March 1st, 2024
This protocol describes a unique method for detecting the binding between compounds and protein molecules, offering the advantages of minimal protein sample loss and high data accuracy.
Our protocol provides a significant advantage by allowing use without specialized equipment. Unlike traditional fluorosis quantitative PCR methods, it simply face the experimental process requiring viewers'data steps and reducing overall complexity, making it simple and easier to conduct. This experiment requires the operator to be very familiar with the experimental procedure and the fluorescent microplate reader, and not to waste too much time during the solution heating and fluorescence detection.

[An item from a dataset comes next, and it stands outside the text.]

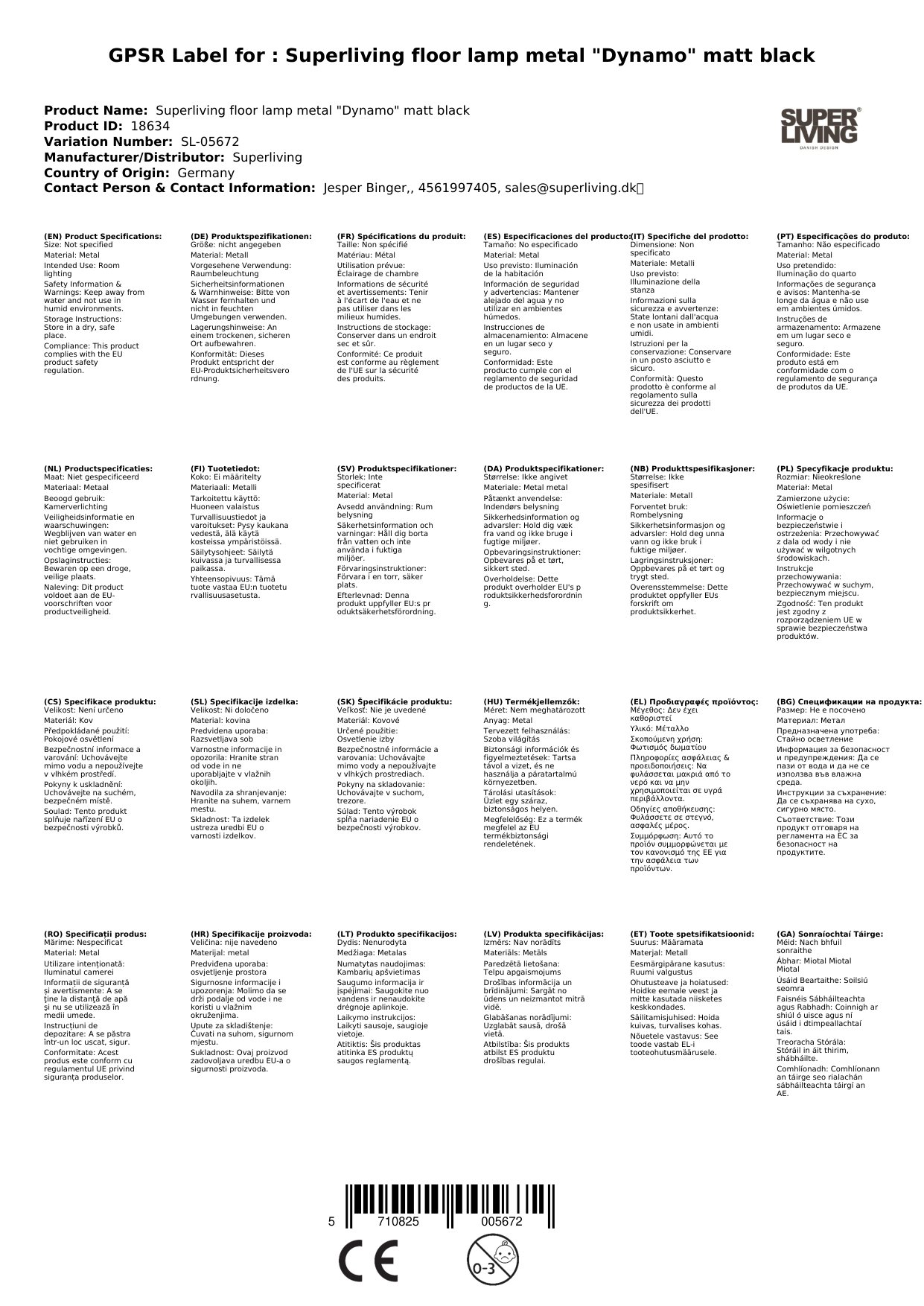 Superliving Stehlampe Metall "Dynamo" matt schwarz

We will focus on the molecular mechanism by which umbelliferone to CD40 protein to produce immune effects. To begin, add 500x orange dye to a PBS solution to achieve different dye ratios. Launch the data acquisition software on the desktop.
Click on instrument, then choose the corresponding microplate model and select OK.Click on the acquisition settings and choose fluorescence. Under the wavelength interface, set the lambda one to 470 nanometers and 570 nanometers. Then press OK.Pipette 100 microliters of each concentration of the orange dye into the wells of a 96 well plate.
Place the plate into the detection stage of the fluorescent microplate reader instrument. Click on the read icon on the software and measure the fluorescence of each dye concentration 13 times at room temperature with an interval of two minutes. After each determination, click on the export icon, then select Export to XML, XLS, TXT.
Choose all plates, then select plate in the output format, and click on OK to save the data in the XLS format for further analysis. Now turn on the digital heating shaking dry bath. Set the heating temperature to 35 degrees Celsius and the heating time to two minutes.
Prepare the optimal dilution ratio of dye in a 1.5 milliliter microcentrifuge tube. Then place it in the digital heating shaking dry bath for two minutes. Now, add 100 microliters of both the PBS and the staining solutions to the wells of the plate.
Place the plate into the detection stage of the instrument. Click on the read icon in the data acquisition software. Set the heating temperature to 40 degrees Celsius and the heating time to two minutes.
Now pipette the dye solution in the plate back into the 1.5 milliliter microcentrifuge tube. Heat it in the digital heating shaking dry bath for two minutes. Repeat the addition of the dye solutions, exporting the resultant data to test the absorbance of the dye solution at five degree temperature increments from 35 to 95 degrees Celsius.
Combine CD40 protein solution with PBS to obtain final concentrations of 5, 10, 15, and 20 micrograms per microliters. Next, combine orange dye with PBS to obtain a final concentration of one is to 500. Assess the absorbance of the CD40 protein solution at five degree temperature increments from 35 to 95 degrees Celsius.
Save the data as XLS files, then calculate the melting point or TM value using the data analysis software. Next, mix CD40 and umbelliferone into the PBS solution. Then pipette the orange dye into the PBS to get a solution concentration of one is to 500.
Measure the absorbance of the CD40 umbelliferone complexes solution at five degree temperature increments from 35 to 95 degrees Celsius. The orange dye consistently exhibited stable fluorescence excitation at both room temperature and elevated temperatures. An optimal dilution ratio of one is to 500 was determined.
A stable TM value of 51.82 degrees Celsius was detectable at a concentration of 15 micrograms per milliliters, which decreased to 45.79 degrees Celsius with an increase in CD40 protein concentration.
This protocol describes a unique method for detecting the binding between compounds and protein molecules, offering the advantages of minimal protein sample loss and high data accuracy. The method simplifies the experimental process, making it accessible without specialized equipment.